## TRY IT
From the entries below, retype only the lines from the one with "Wolfie's Music Games" through the one with "控制器节点的右键单击菜单与材", exactly as written.

## PROVIDED DATA
▼

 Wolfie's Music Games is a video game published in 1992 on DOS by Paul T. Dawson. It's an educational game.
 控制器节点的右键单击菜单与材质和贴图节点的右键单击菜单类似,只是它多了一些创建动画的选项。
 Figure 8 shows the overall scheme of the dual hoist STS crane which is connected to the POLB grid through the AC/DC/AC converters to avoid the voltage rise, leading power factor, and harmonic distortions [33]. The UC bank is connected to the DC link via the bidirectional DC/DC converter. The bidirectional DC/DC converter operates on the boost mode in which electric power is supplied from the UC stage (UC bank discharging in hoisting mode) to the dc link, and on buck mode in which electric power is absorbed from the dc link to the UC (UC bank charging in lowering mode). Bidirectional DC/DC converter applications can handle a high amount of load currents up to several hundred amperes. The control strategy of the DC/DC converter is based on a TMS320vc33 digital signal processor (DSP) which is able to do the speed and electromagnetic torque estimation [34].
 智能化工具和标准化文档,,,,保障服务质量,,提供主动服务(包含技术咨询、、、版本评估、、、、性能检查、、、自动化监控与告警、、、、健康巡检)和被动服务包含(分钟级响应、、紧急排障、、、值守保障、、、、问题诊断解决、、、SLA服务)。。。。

▲
▼

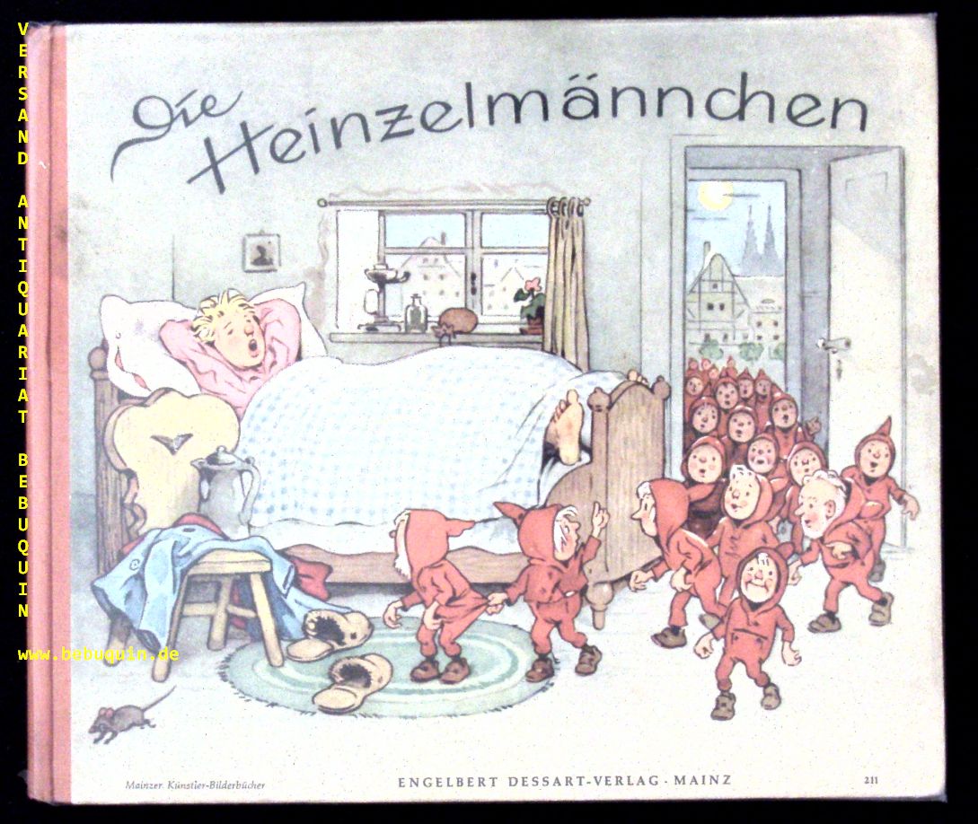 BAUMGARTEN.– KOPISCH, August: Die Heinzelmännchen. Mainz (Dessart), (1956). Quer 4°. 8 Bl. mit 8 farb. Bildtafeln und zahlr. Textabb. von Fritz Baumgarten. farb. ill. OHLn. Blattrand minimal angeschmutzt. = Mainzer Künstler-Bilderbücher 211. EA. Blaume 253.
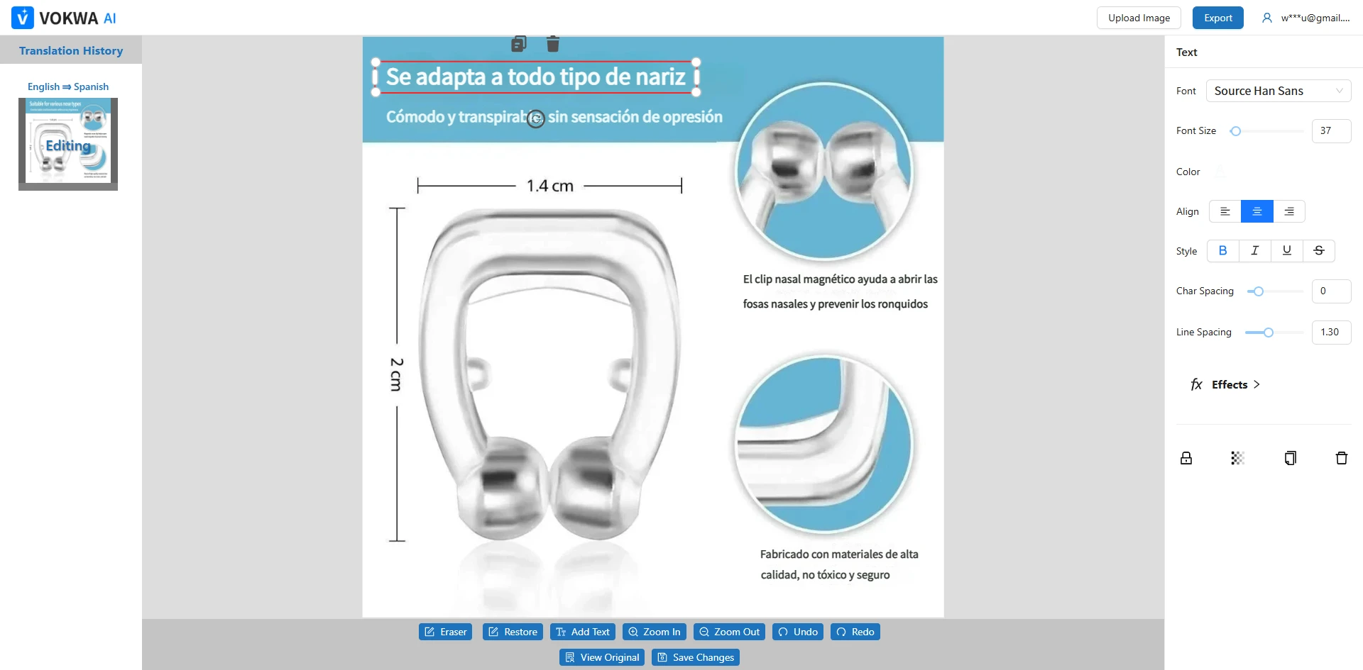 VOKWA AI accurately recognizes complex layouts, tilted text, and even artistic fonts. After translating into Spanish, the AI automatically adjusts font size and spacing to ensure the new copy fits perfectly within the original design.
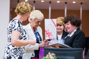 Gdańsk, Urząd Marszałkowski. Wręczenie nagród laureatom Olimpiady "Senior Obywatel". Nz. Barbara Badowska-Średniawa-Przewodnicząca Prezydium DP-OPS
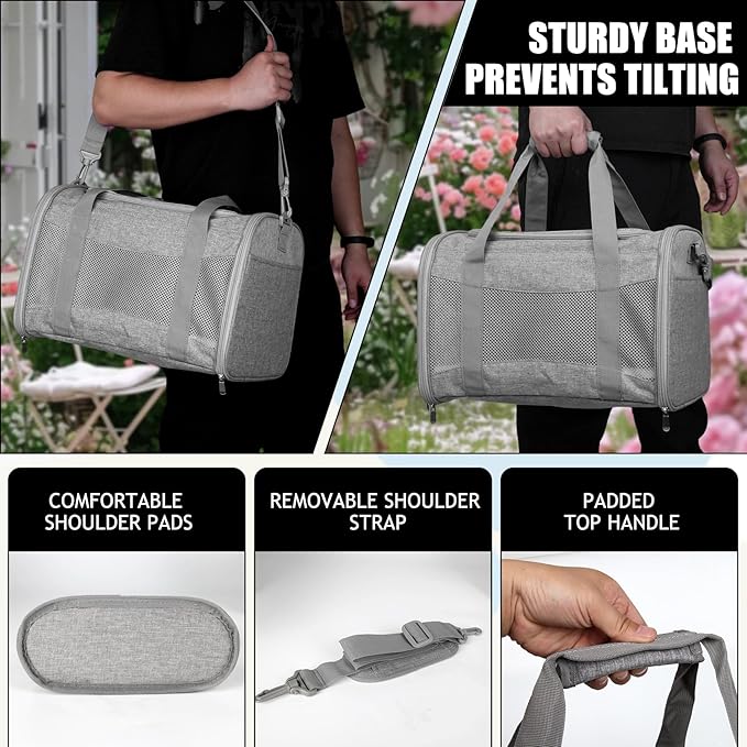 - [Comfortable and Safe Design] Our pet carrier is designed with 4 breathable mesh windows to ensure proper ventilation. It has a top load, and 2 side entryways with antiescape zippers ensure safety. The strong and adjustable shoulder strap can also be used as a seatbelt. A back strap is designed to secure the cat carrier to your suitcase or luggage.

▲
▼

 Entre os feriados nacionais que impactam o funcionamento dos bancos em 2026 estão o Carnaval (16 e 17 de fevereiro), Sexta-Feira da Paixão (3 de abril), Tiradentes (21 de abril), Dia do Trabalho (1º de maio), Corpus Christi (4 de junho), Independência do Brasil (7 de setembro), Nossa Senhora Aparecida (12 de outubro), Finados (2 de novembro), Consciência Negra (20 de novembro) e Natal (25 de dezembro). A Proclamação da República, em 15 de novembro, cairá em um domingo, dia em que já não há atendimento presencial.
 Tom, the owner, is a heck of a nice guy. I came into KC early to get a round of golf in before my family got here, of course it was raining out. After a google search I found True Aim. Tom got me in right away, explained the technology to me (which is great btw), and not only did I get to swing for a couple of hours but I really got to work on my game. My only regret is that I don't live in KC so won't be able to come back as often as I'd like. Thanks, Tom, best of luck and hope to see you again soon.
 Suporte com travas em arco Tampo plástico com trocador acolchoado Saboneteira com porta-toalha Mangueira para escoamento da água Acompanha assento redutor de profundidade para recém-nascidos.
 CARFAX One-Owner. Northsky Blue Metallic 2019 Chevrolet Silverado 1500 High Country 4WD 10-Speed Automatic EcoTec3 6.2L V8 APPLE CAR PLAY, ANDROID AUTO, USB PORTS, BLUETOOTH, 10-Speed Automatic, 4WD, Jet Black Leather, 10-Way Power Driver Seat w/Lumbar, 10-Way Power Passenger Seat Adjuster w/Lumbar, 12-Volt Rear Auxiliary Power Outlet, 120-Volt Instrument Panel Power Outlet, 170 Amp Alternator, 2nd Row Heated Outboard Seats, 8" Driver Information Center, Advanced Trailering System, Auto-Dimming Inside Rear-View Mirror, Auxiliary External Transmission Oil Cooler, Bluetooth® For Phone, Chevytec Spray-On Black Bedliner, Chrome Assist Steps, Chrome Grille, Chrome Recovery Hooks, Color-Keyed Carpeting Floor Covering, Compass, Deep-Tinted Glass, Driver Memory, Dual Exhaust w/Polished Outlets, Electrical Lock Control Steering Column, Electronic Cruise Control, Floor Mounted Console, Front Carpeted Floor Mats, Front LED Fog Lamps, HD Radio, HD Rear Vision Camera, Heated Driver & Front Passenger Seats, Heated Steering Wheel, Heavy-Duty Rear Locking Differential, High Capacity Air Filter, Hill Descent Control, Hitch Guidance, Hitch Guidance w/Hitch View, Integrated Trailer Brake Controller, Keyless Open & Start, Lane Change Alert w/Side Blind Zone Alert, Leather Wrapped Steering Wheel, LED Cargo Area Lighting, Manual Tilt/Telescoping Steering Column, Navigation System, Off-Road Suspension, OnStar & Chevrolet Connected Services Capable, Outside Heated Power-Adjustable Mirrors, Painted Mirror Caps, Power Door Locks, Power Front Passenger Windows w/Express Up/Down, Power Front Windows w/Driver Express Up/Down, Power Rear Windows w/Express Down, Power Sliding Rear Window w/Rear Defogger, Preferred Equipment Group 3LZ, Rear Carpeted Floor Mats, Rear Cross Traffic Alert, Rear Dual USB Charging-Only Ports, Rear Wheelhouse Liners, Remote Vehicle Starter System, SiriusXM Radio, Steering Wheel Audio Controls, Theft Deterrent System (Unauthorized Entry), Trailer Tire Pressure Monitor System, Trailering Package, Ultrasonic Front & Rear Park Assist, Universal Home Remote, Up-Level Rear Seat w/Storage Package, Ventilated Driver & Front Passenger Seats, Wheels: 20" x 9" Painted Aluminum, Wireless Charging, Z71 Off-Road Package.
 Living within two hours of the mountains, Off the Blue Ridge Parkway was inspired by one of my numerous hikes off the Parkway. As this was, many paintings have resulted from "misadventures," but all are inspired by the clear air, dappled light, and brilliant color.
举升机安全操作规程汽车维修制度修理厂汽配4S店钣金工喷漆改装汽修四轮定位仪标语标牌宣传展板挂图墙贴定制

▲

## ANSWER BOX
 Wolfie's Music Games is a video game published in 1992 on DOS by Paul T. Dawson. It's an educational game.
 控制器节点的右键单击菜单与材质和贴图节点的右键单击菜单类似,只是它多了一些创建动画的选项。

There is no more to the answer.